The second thread of the study is the afore mentioned GO analysis to the genes ultimately associated with the states most associated with ERα activity. Specifically, six states are chosen for GO analysis that “have a probability greater than 0.1 of emitting ERα with E2 treatment in at least one cell line (we select these E2-associated states since Tam is an E2 antagonist). ” In this way, regions and genes that might resonably be expected to related to Tam-resistance are selected for this detailed study. The genes mapped to each particular state are unfortunately limited in number (O(2000)), and the resulting GO enrichments do not tend to be statistically meaningful.
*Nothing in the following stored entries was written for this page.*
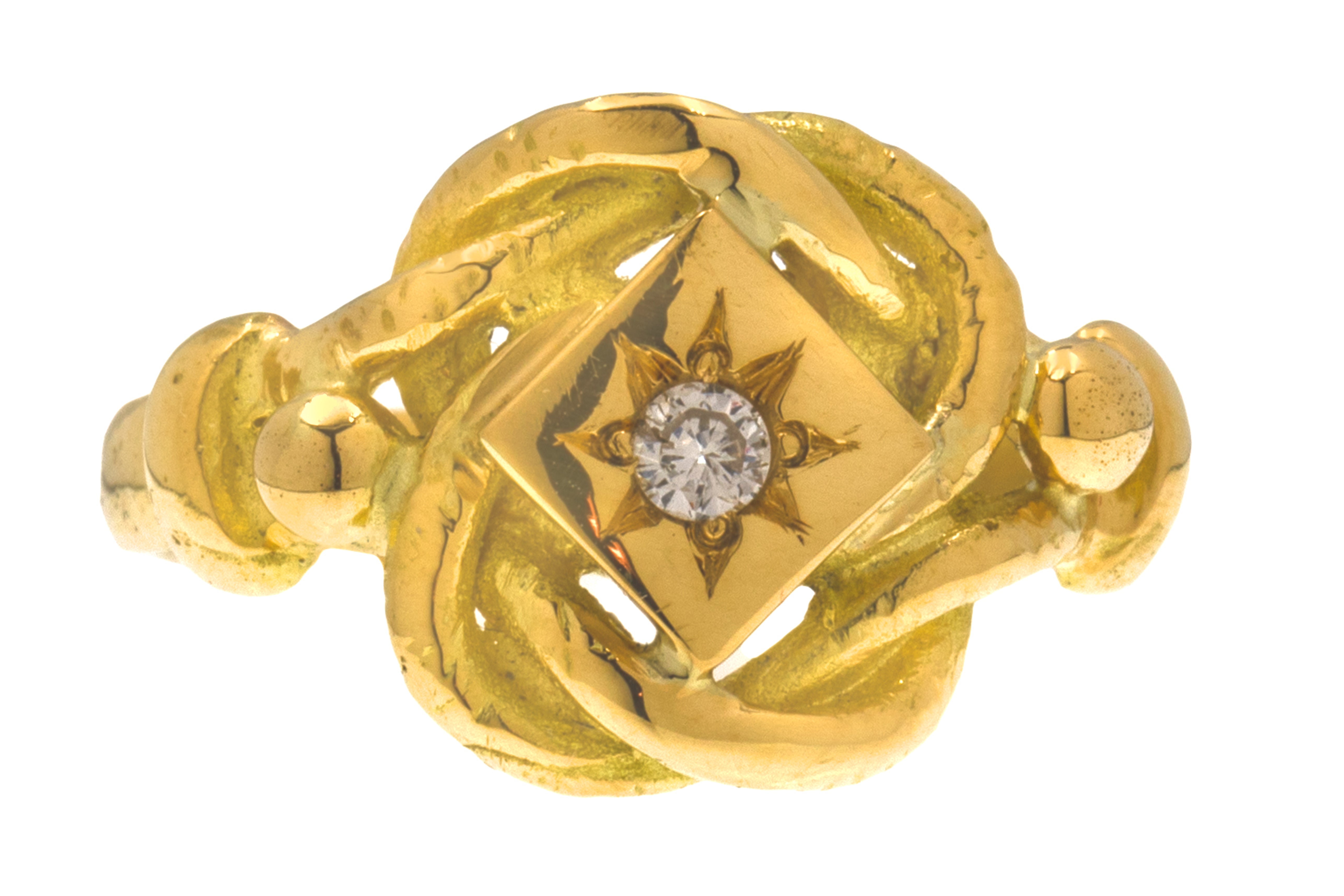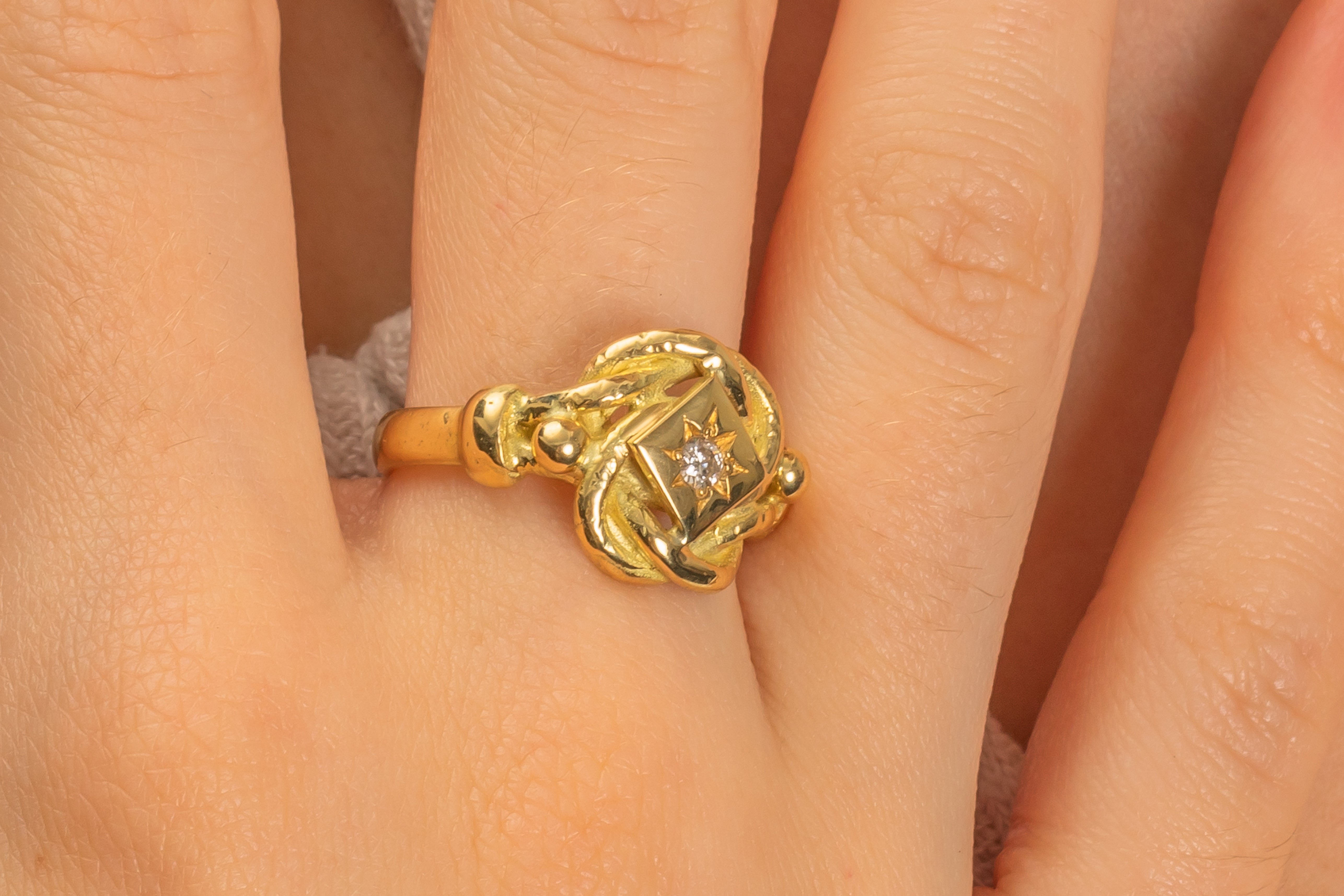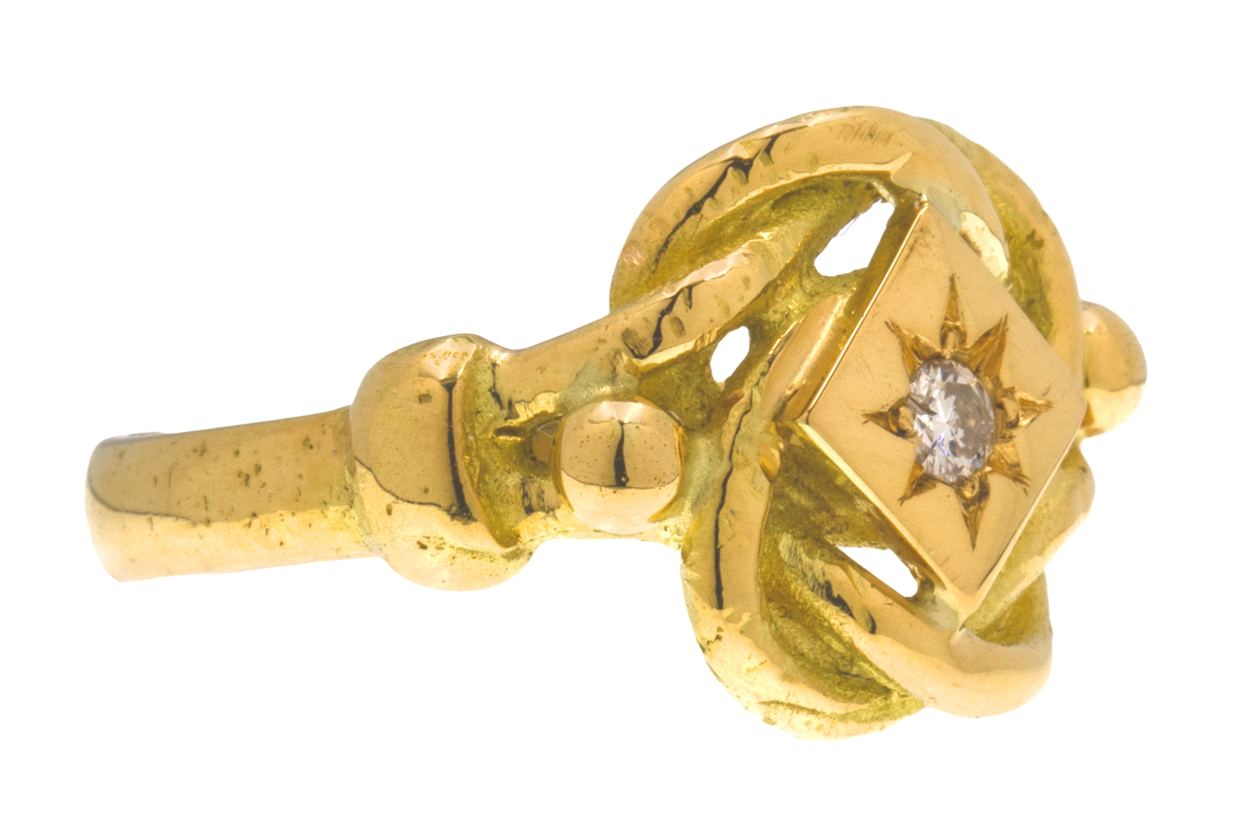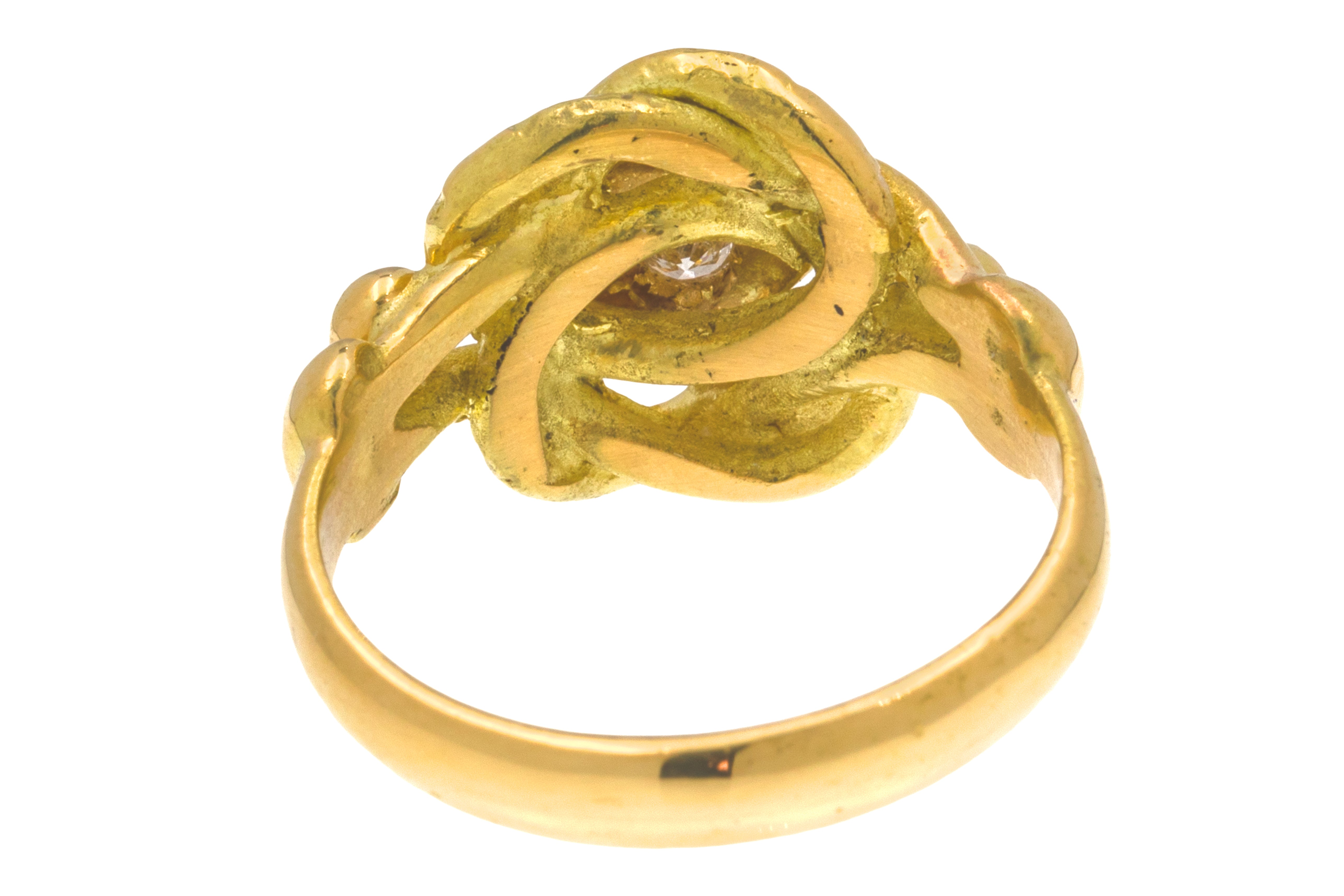 VERY GOOD. This heavy antique 18ct Gold Diamond lover's knot ring is in very good condition. The Gold is glossy throughout, retaining the buttery, richly saturated hue that we know and love! The dazzling Diamond is securely set and the knot design remains intact. There is only minor wear on this exceptional Diamond early 20th century ring, despite its great age this ring has lasted incredibly well! All in all, this lover's knot ring is a sublime find!
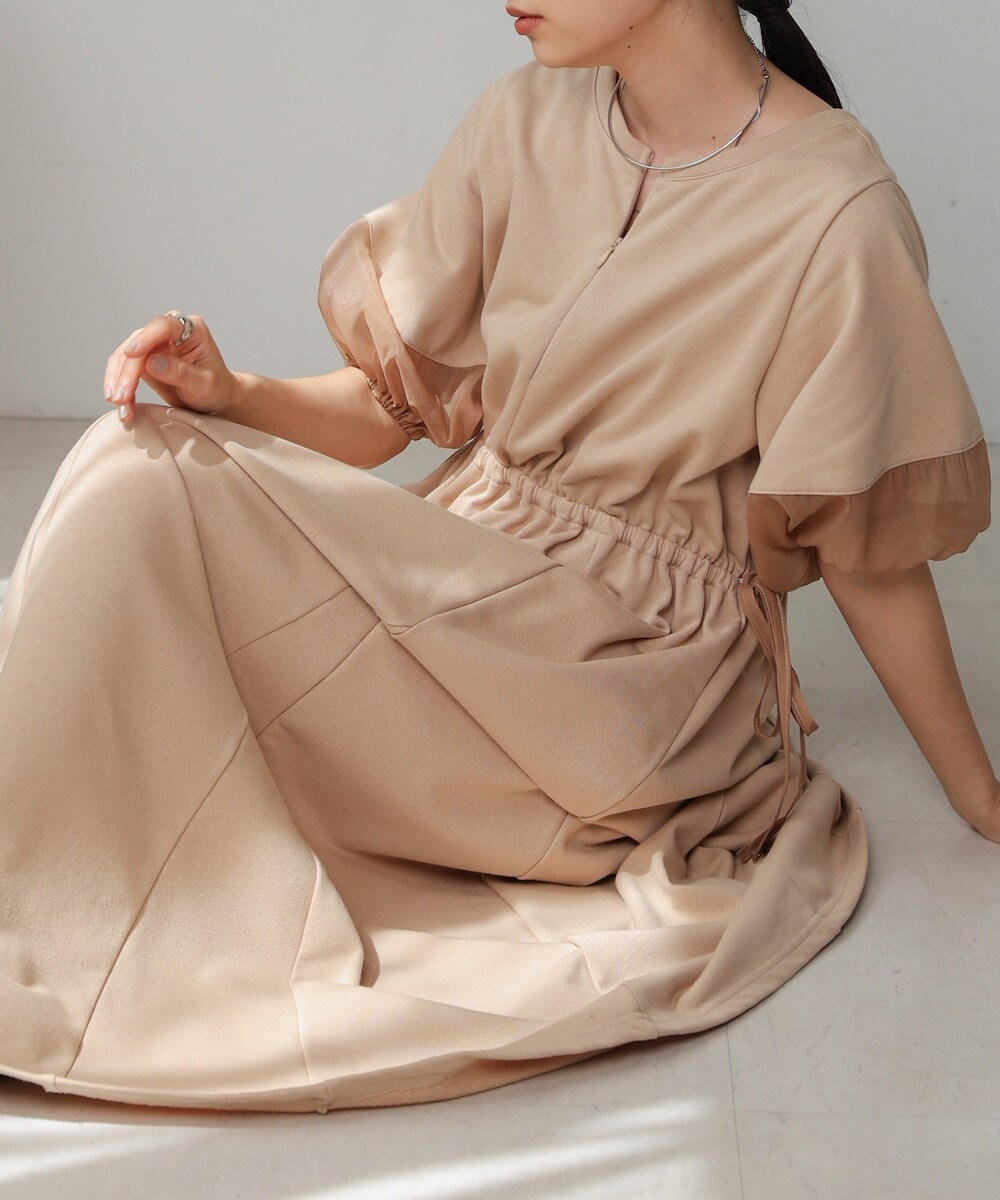 【S・Mサイズ展開】袖ボリューム前後2WAYマーメイドスウェットワンピース
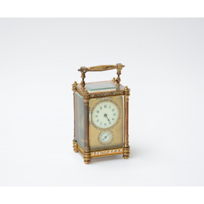 Officier in metallo dorato e cesellato a fiori, due quadranti smaltati decorati con strass (h cm 13)(difetti e mancanze)

The overarching results are not conclusive in mapping epigenomic dynamics to Tam-resistance in the comparison of the MCF7 and MCF7-T cell lines. The work presented in this paper nonetheless illustrates the applicability of HMM-based analysis of genome-wide high throughput genomic data to study epigenetic patterns in general, including specific cases like E2/ERα regulation in breast cancer as explored here. It is interesting to note that this result can also be taken as an indication that something specific like Tam-resistance may not always be correlated to Epigenome dynamics. In such a light, it is valuable to allow for null results.
Critically, the authors of the paper suggest that the application of gene network analysis can reveal “key genes responsible for the regulation of the genes in the lists formulated by this study.” This represents an important path for future development and improvement for analyses of this kind, which our lab is uniquely capable to contribute to. An additional path for improvement would be to integrate gene expression data, and a wider array of important TF’s for the processes involved. Such an approach might facilitate studying combinatorial epigenome states in a context that is more directly takes network regulatory programs into account, and places the epigenome in it’s more natural context. In fact, the relative inconclusiveness of this study opens up the important question about the utility of studying the epigenome alone , but rather its contextual role in collective (emergent?) network properties, including TF regulation and the final patterns of gene expression that lead to specific phenotypes such as Tam-resistance in cancer.